= Stranded in Paradise: New Zealand Rock'n'Roll, 1955–1988 =

Book on the history of rock music in New Zealand

Stranded in Paradise: New Zealand Rock'n'Roll, 1955–1988 is a book by New Zealand music historian John Dix, published in 1988. An updated edition, Stranded In Paradise: New Zealand Rock And Roll, 1955 to The Modern Era, was published in 2005.

==Content==
It has been described as It was the first proper history of New Zealand rock and roll. It was originally published in 1988. It was published by Paradise Publications in 1988. The book covers how New Zealand's culture has developed, as well as early Māori music. Acts such as Dragon, Split Enz, Bruno Lawrence, and Hello Sailor are included.

==Reception==
John Dix wrote in 2014 that there was some criticism of the book as being "too subjective, and written by an immigrant at that".

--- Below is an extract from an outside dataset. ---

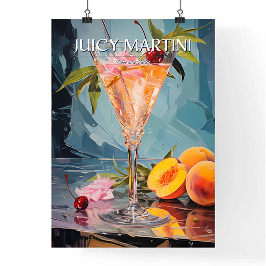 Peach Martini - A Glass Of Liquid With Fruit And Cherries

According to the blurb of the updated edition, Stranded in Paradise: New Zealand Rock'n'Roll, 1955–1988 "was the first proper history of New Zealand rock and roll, told as a series of inter-linking, anecdotal stories".

==2005 edition==
The updated 2005 edition, published on the "50th anniversary of first proper rock and roll recording made in New Zealand", is called Stranded In Paradise: New Zealand Rock And Roll, 1955 to The Modern Era.

==Author note==

John Dix (born 1951), migrated with his family from Wales to South Australia in 1967. He was a fan of soul music as a youth, and frequented gigs in Cardiff and then in Adelaide and Melbourne, gradually coming to appreciate some Australian bands. He moved to Wellington in 1972, and four years later to Auckland, getting to know the New Zealand music scene. He went on to found the music and pop culture magazine Real Groove in 1993.